Once you reach the line containing "游戏开始时,我们点击左边的黑" in the entries below, write out that line and each one after it down to the line containing "ADIDAS Essentials AEROREADY", exactly and with nothing added.

** Material for the task **
—————
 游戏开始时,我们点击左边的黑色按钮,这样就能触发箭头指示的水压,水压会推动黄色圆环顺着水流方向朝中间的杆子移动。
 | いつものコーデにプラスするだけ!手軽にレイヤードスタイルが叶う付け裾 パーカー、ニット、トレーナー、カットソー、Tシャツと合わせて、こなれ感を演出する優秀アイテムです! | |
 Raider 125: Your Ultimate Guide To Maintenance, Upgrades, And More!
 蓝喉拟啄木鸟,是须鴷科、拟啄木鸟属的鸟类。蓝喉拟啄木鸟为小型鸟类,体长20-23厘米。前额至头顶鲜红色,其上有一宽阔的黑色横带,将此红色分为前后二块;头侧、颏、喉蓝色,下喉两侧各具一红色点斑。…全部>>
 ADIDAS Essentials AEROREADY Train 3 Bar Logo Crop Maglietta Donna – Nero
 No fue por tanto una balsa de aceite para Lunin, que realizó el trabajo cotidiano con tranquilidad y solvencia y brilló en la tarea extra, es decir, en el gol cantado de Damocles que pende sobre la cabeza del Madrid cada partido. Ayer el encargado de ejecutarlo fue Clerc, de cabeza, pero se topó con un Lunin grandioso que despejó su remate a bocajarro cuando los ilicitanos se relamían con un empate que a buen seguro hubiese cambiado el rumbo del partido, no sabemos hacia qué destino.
—————
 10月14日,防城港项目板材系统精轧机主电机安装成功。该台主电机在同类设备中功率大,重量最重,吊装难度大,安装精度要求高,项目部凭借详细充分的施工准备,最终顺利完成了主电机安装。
—————
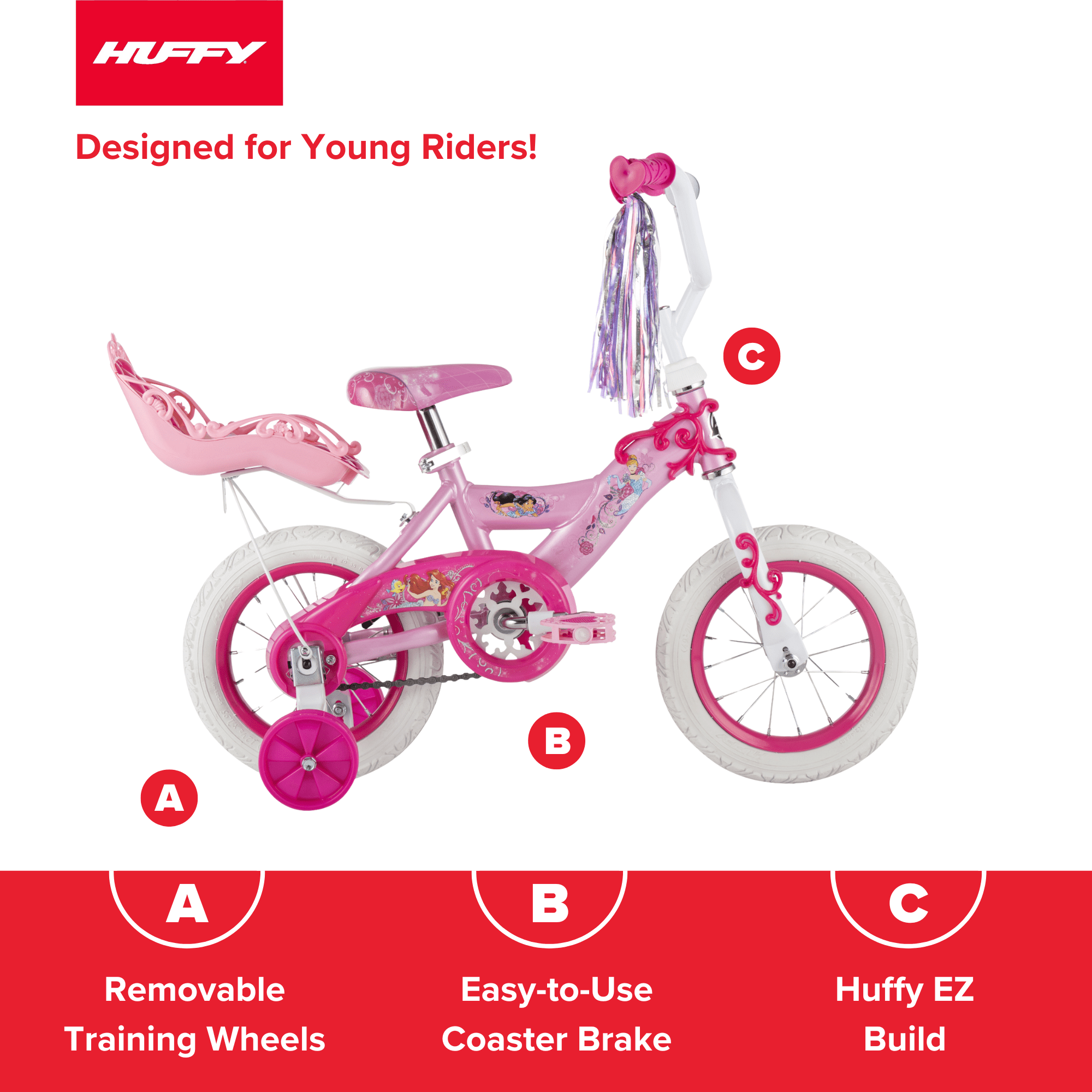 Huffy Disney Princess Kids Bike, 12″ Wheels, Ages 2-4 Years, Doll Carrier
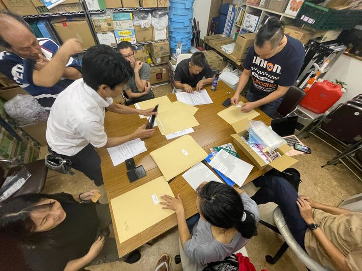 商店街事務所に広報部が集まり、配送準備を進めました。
—————
** Result **
 游戏开始时,我们点击左边的黑色按钮,这样就能触发箭头指示的水压,水压会推动黄色圆环顺着水流方向朝中间的杆子移动。
 | いつものコーデにプラスするだけ!手軽にレイヤードスタイルが叶う付け裾 パーカー、ニット、トレーナー、カットソー、Tシャツと合わせて、こなれ感を演出する優秀アイテムです! | |
 Raider 125: Your Ultimate Guide To Maintenance, Upgrades, And More!
 蓝喉拟啄木鸟,是须鴷科、拟啄木鸟属的鸟类。蓝喉拟啄木鸟为小型鸟类,体长20-23厘米。前额至头顶鲜红色,其上有一宽阔的黑色横带,将此红色分为前后二块;头侧、颏、喉蓝色,下喉两侧各具一红色点斑。…全部>>
 ADIDAS Essentials AEROREADY Train 3 Bar Logo Crop Maglietta Donna – Nero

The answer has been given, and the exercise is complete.